Some of the global companies like Gemini Incorporated are creating micro-entrepreneurs by formalizing the small ‘kabadiwalas’ by giving them baling machines, finance and buying the sorted and baled materials. GDB International from the USA that is working with USA Plastic Associations and the government there to increase recycled content in certain products so as to encourage the recycling industry is another such example.
Shakti Plastic Industries, a well-known name in Indian plastic recycling, is encouraging and supporting young entrepreneurs to come up with upscale products while mentoring them. The company Lucro.in has an aim to popularize the recycling culture. Its Plast-e-Cycle addresses three core areas – protecting the environment by reducing plastic waste reaching landfills and oceans, developing the community by creating opportunities for rag pickers and dormant factories and progressing businesses by manufacturing innovative and environmentally friendly products.
It is time for collaboration and work for the circular economy and not a competition as the issues of environment and climate change have become far more serious as we move ahead. Though there are many hurdles, the plastic waste management industry is maturing.
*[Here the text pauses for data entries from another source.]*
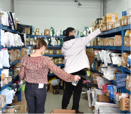 快递工作人员对快递外包装进行消杀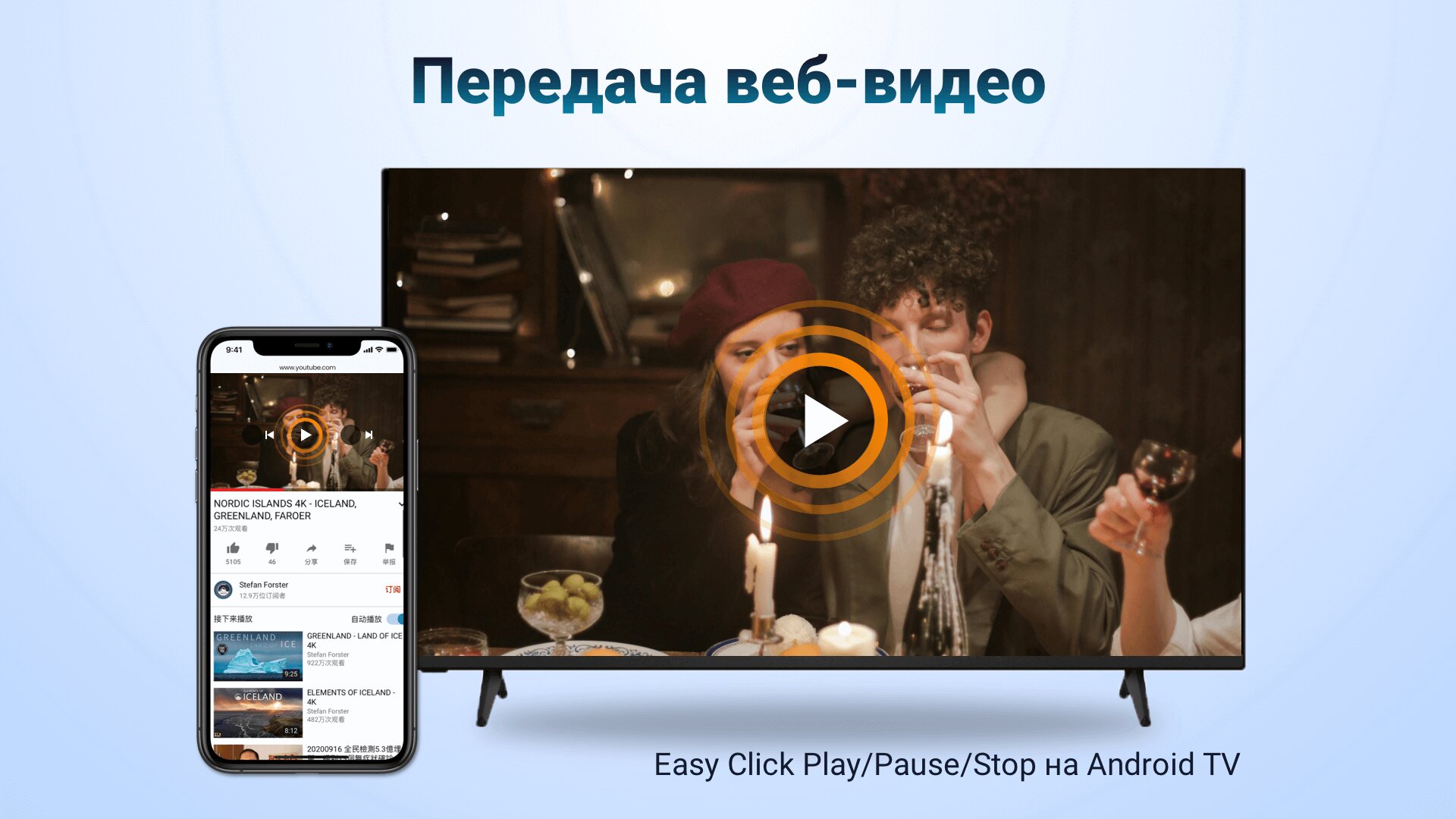- Управление воспроизведением (воспроизведение/пауза/остановка) прямо с принимающего Android TV.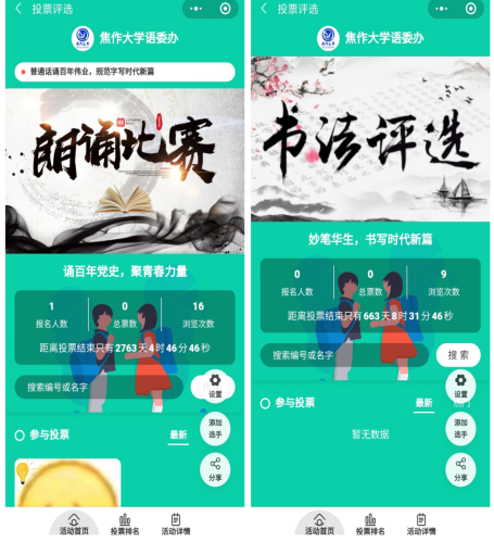 (一)普通话迎百年党庆,赤子心传红色基因。开展“诵百年党史,聚青春力量”推广普通话朗读比赛。学生可通过微信小程序“投票评选工具”上传作品进行参赛,小程序网络评选按票数,分一、二、三等奖(分别设:1名、3名、5名)。本次比赛的评比,旨在朗读比赛中体现出焦大学子说好普通话的自觉;展现出焦大学子良好的精神状态;表现出焦大学子飞扬的青春风采。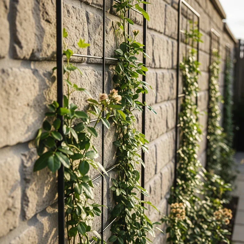 Let nature do the decorating with climbing plant trellises that turn your patio wall into a vertical jungle! These support structures guide vines and climbing plants upward, creating living wallpaper that changes throughout the seasons. Choose fast-growing options like clematis or jasmine for quick coverage, or go classic with climbing roses for romantic appeal. The trellis itself becomes part of the design, whether you opt for simple wire grids, elaborate wooden lattices, or modern metal frameworks. As plants mature, they provide natural shade, privacy, and even fruit if you choose grapes or passion fruit. The interplay between structured supports and organic growth creates visual tension that keeps things interesting. Maintenance involves occasional pruning and training, but the plants largely take care of themselves. Your wall evolves constantly, offering new blooms, colors, and textures throughout the year.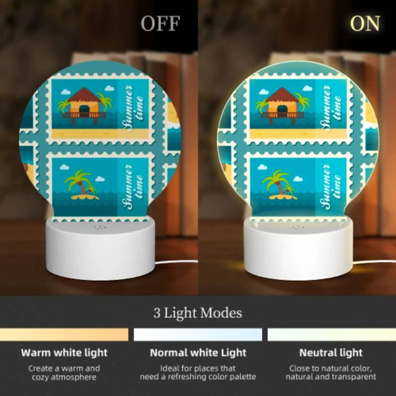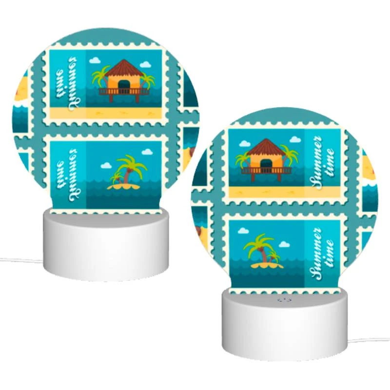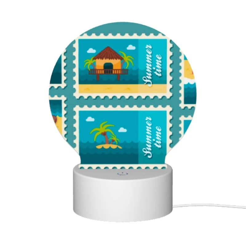 Round Acrylic Night Light, A Collection Of Six Different Colored Postage Stamps Featuring Beach And Tropical Themes.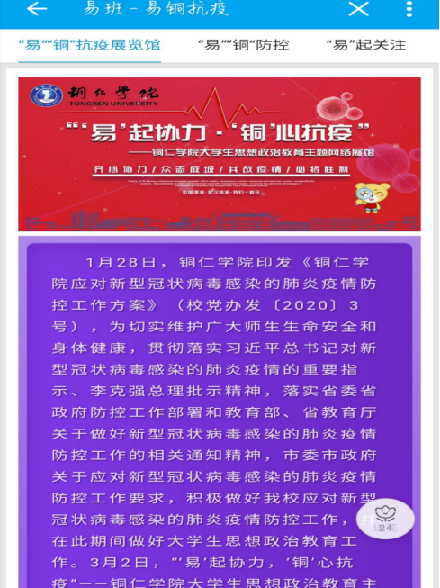 2020年,随着新冠肺炎疫情的爆发,全国齐心抗疫的时刻,伟德官网易班按照省教育厅、学校党委的要求,推出“‘易’起协力·‘铜’心抗疫”——bv伟德国际1946大学生思政教育主题网络展馆,并组织全校学生在易班优课学习疫情下的青年责任担当等内容的学习,学生线上学习完成率达95%,营造了坚定不移的“战疫”氛围。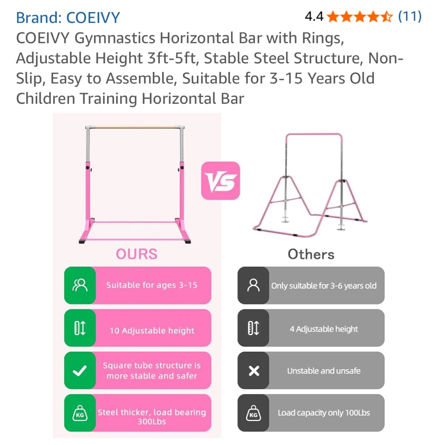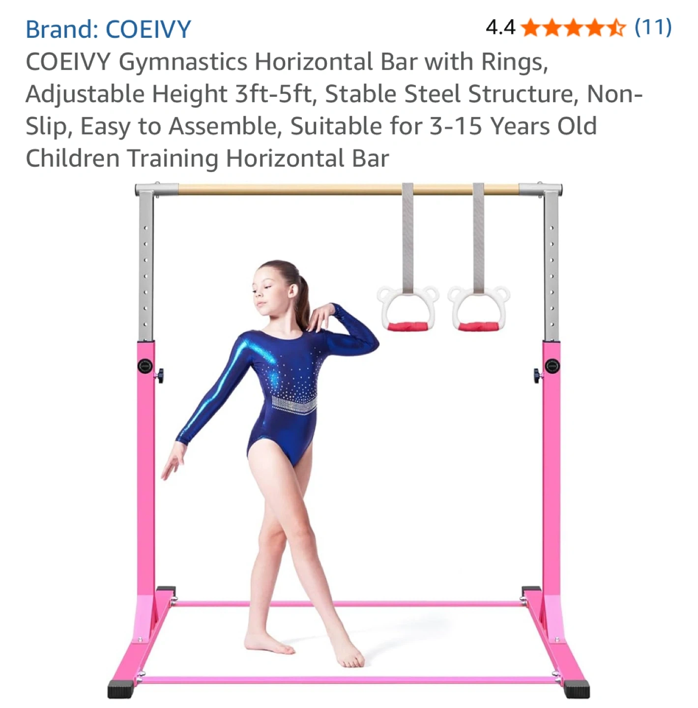145High Quality Material】The support bar is made of thick square steel pipe, the horizontal bar has a load-bearing capacity of up to 300 pounds, and both ends are equipped with non-slip rubber to ensure that the horizontal bar grips the floor tightly and maintains stability. 【Simple and Stylish】The color matching is stylish and vibrant, suitable for home, school, gymnasium and other places. The gymnastics bar comes with an installation manual, which is super simple to assemble and operate. (With 2 gymnastics rings) 【Adjustable Height and Easy Assembly】The height of this gymnastics equipment can be easily adjusted 35 inches - 54 inches Easy to operate (tighten all screws to prevent the gymnastics bar from shaking) 【Enjoy Gymnastics】This gymnastics horizontal bar is a great gift for children's healthy growth and improving body coordination. Children will be keen to master new gymnastics skills and grow in fun and exercise. 【Responsible for the Product】We wholeheartedly provide 100% satisfaction to every valued customer. If you have any questions about the product, we will solve your problem quickly.

The efforts of the government in creating favorable policies and guidelines, initiatives by Niti Aayog, MSME interventions, initiatives by the people, designers, big brand owners, NGOs, technology experts are laudable. With such collaborations, India can surely Atmanirbhar (self-reliant) in plastic waste management. Resources are limited, but the efforts needed are unlimited
Climate change is getting attention as never before and the efforts in dealing with the same also have increased and the commitment for a better future depends on our actions today so that our future generations can lay claim to a better tomorrow more exciting and brilliant than our past……
Sameer Joshi, has done his Ph.D. in plastic waste management and is a Guinness book world record holder for the world’s largest T-shirt from plastic waste in 2018. He works in the field of plastic recycling and circular economy.